What do visual designers worry about the most? Corner cases. Corner cases may appear completely different in different places.

For example, the traffic conditions in China and the United States are very different, including roadside signs, traffic light styles, lane lines and driving rules. The algorithm optimized based on the US road conditions may not be suitable for the Chinese market.

Moreover, even in the Chinese market, the regional traffic environment is different between the south and the north, and between the east and the west. For example, on some county-level roads, you may encounter slow-moving low-speed electric vehicles and trucks carrying saplings. This places higher demands on the richness of data and localized adaptability.

LiDAR is a powerful sensor, and its principle is easy to understand. By emitting laser light and calculating the time it takes to reflect back, it can measure the distance and speed of obstacles and build a 3D model of the three-dimensional space. In very advanced LiDAR technology, it can even analyze the composition of materials, and it is no problem to use it to identify lane lines.

Waymo self-driving cars equipped with lidar

Since it can accurately measure distance, the introduction of LiDAR can reduce the difficulty of algorithm analysis in visual solutions. Even in some corner cases, obstacle avoidance can be completed, which actually adds another "lock" for safety.

LiDAR point cloud image

There is another question. It is also a radar. Why doesn’t the relatively popular millimeter-wave radar work?

The biggest problem is that the millimeter-wave radar's ranging accuracy is not enough. On the highway, millimeter-wave radar has difficulty detecting static objects, including relatively small objects.

Moreover, millimeter-wave radar lacks the ability to detect in the longitudinal space and cannot obtain a three-dimensional ranging space unless there is a breakthrough in 4D high-resolution millimeter-wave radar technology.

Millimeter wave radar diagram

Looking at the autonomous driving solutions of many domestic car companies, most of them choose Mobileye Q4 chip. Mobileye currently still mainly relies on the perception method of "camera + millimeter wave radar".

Even if LiDAR is introduced in the future, cameras will not be abandoned for a long time. Moreover, LiDAR is not omnipotent. In bad weather such as heavy rain, noise removal is also a problem.

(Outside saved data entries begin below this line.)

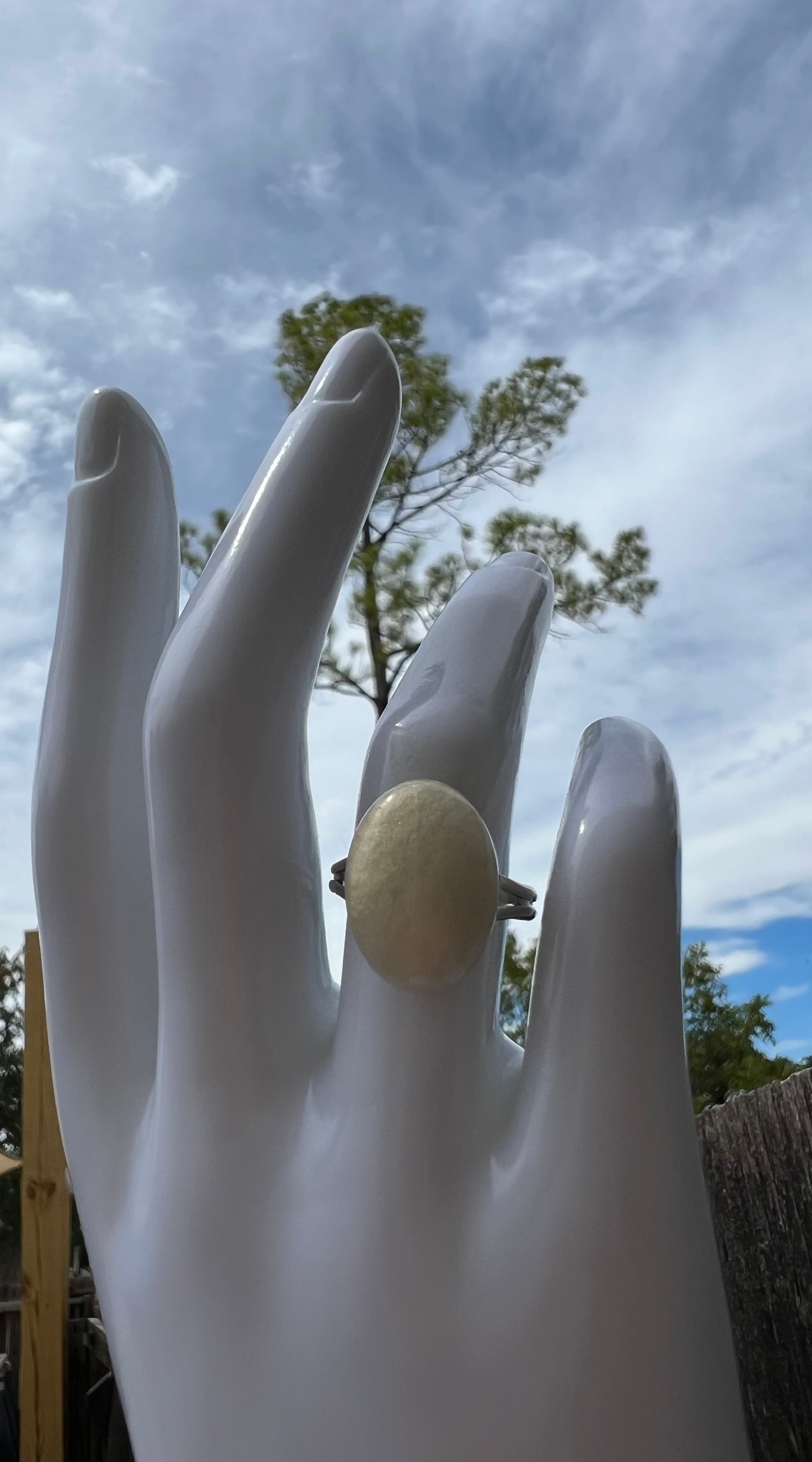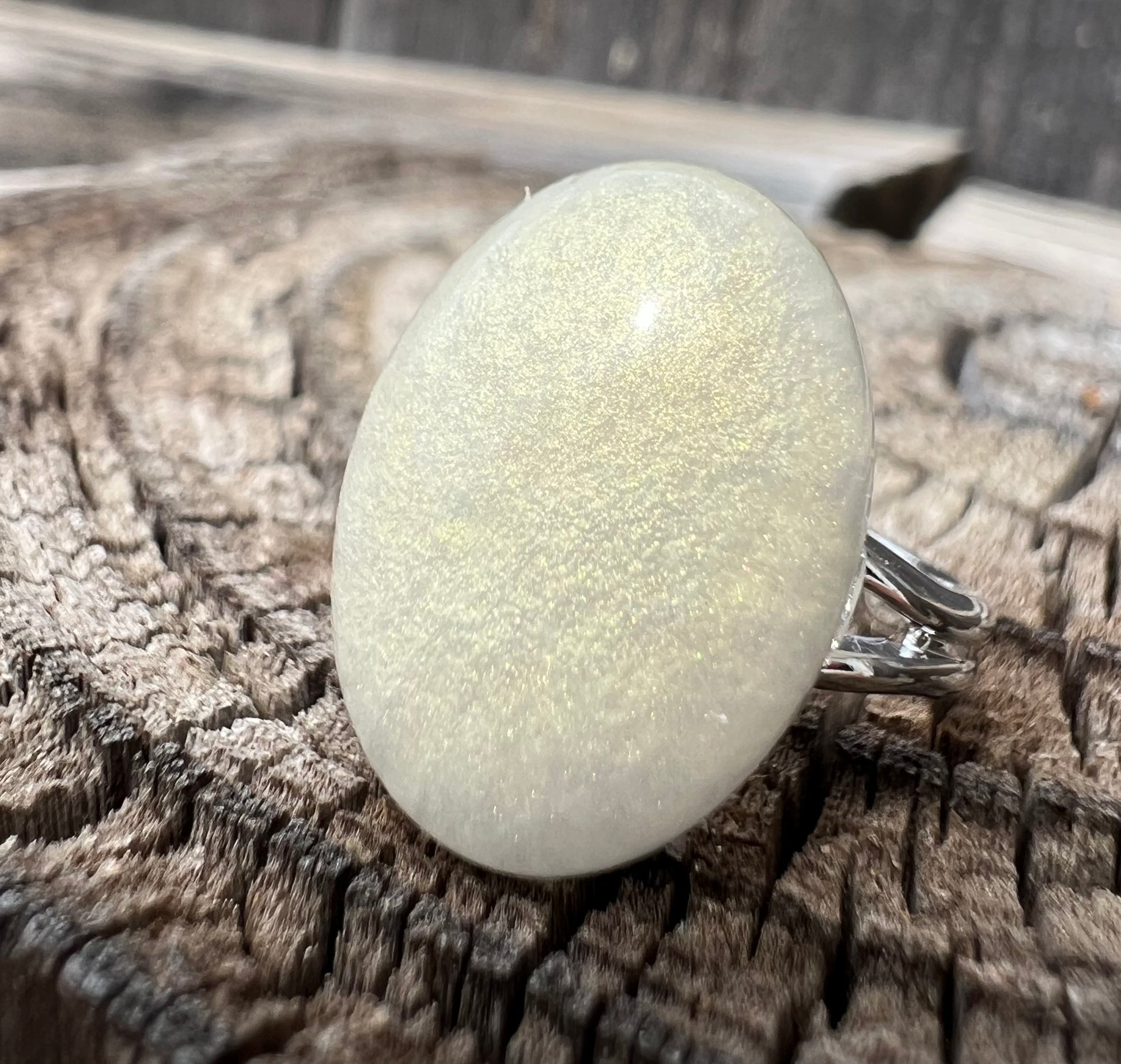 Crafted with an adjustable silver band and a handmade gem, this ring is both stylish and practical. The gem is made using epoxy and a beautiful pearl white colorant, giving it an elegant look. Perfect for any occasion or outfit.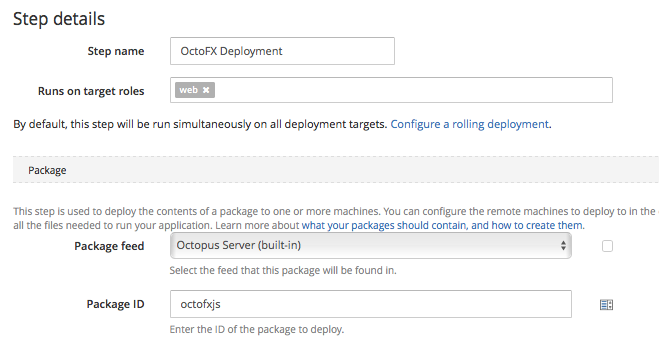 Ensure the target tag matches the target tag that was associated with the machine in the previous step and select octofxjs as the Package ID. This Package ID is derived from the first section of the package that was previously uploaded.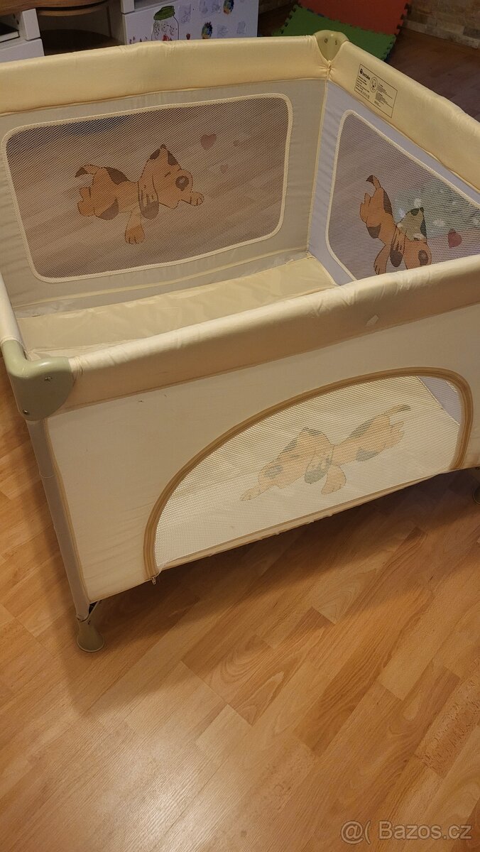 Prodam dětskou ohradku s pejskem. Málo používaná. Na jedne bocnici, malá dírka viz foto. Neni problem zašít. Jen osobní převzetí.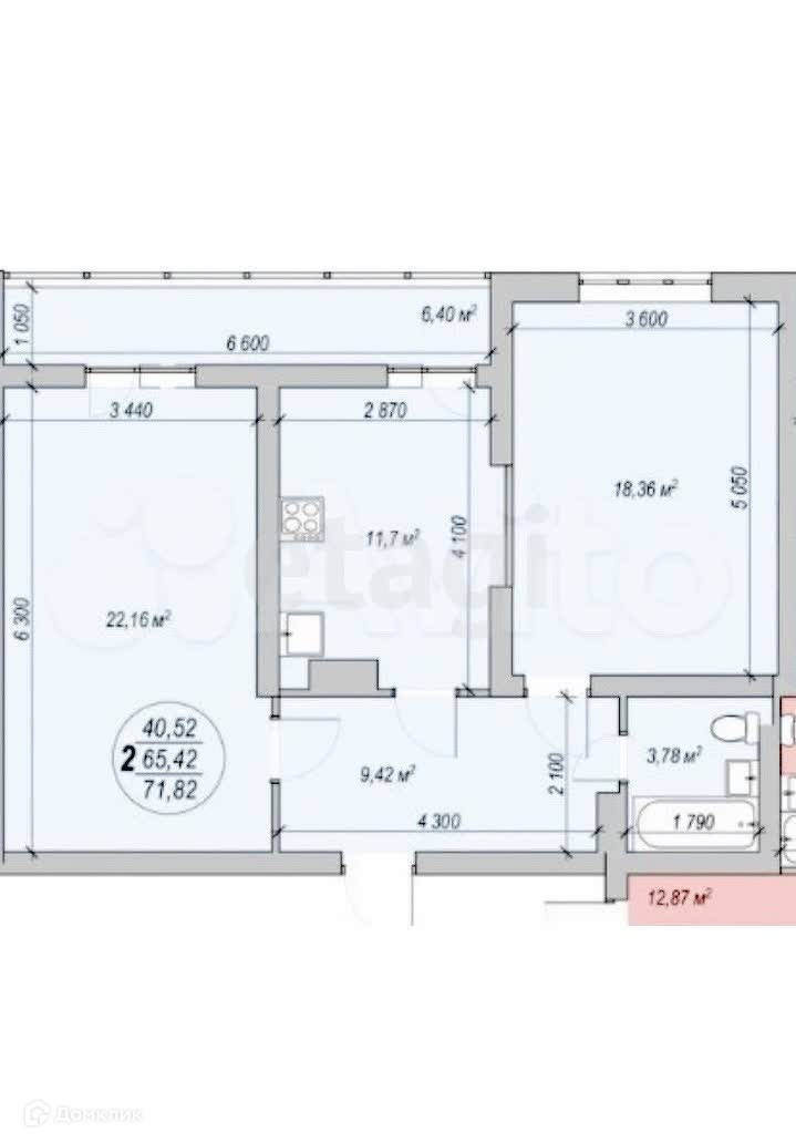 Общая площадь квартиры 72 кв. м., площадь кухни — 22,6 кв.м. Квартира расположена на 3 этаже 19 этажного монолитного дома. Высота потолков 2,90 метра. Квартира в черновой отделки с удобной планировкой, что дает возможность для создания дизайна мечты. Два выход на лоджию. В квартире установлены счётчики на отопление, электроэнергия, горячее и холодное водоснабжение. Установлена входная металлическая дверь.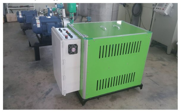 The basic principle of the product is to change the kinetic energy into the thermal energy of high-temperature by pulverizing the thermal medium oil at ultrahigh speed with the power mill. This product can supply hot water of up to 99 degrees through the heat exchanger with the heat generated at this time (Patent No. 1863099).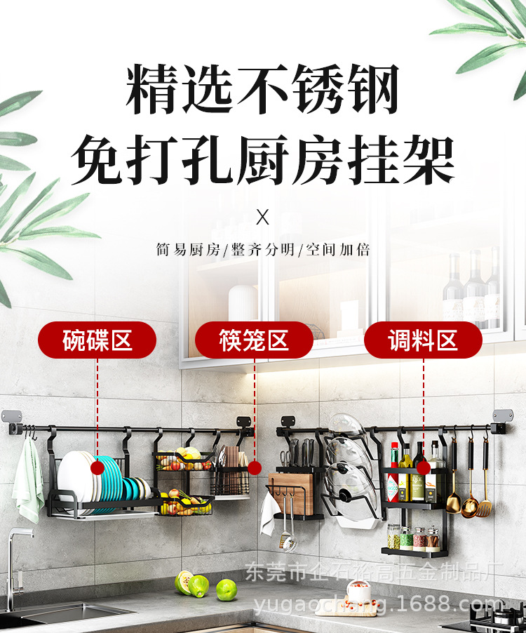 주방 랙 스테인레스 스틸 벽걸이 형 펀치 프리 배수 그릇 및 접시 랙 나이프 랙 냄비 랙 후크 보관 랙스토어 가기

LiDAR, camera, and millimeter-wave radar should be integrated into one another. LiDAR enhances perception, which in turn enhances safety redundancy, and is actually a supplement to visual perception.

Schematic diagram of the camera and lidar fusion process

At present, there are three major challenges facing LiDAR: cost, size, and automotive grade, with cost being the most acute. 2020 is the first year of mass production of LiDAR, also because of the reduction in cost.

As Huawei once revealed, it plans to develop 100 lines of products in the short term and reduce the cost to US$200 or even US$100 in the future.

DJI also announced in August last year that it could mass-produce automotive-grade lidars priced in the thousand-yuan range. Its products, Horizon and Tele-15, are priced at 6,499 and 9,000 yuan respectively.

The era when laser radars cost tens of thousands or even hundreds of thousands of yuan is probably gone forever.

Technology integration will eventually become a major trend

The industry has undergone dramatic changes. The new decade has just begun, and the frequency of mentioning electrification and intelligence is increasing. As the economy develops and the population ages, the entire society's demand for automation will also increase day by day. And autonomous driving will be an important sector.

However, autonomous driving must follow two principles: safety and experience. Consumers will be very direct in their evaluation of autonomous driving. At least, autonomous driving should be better and safer than human driving.

If we think more deeply, the battle between cameras and lidar is actually just autonomous driving technology at the vehicle level. In the future, more diverse intelligent technologies beyond vehicles will be integrated into it, such as high-precision maps, high-precision positioning, V2X, and more emphasis on vehicle-road collaboration, which is the coordination and unification of the entire transportation system.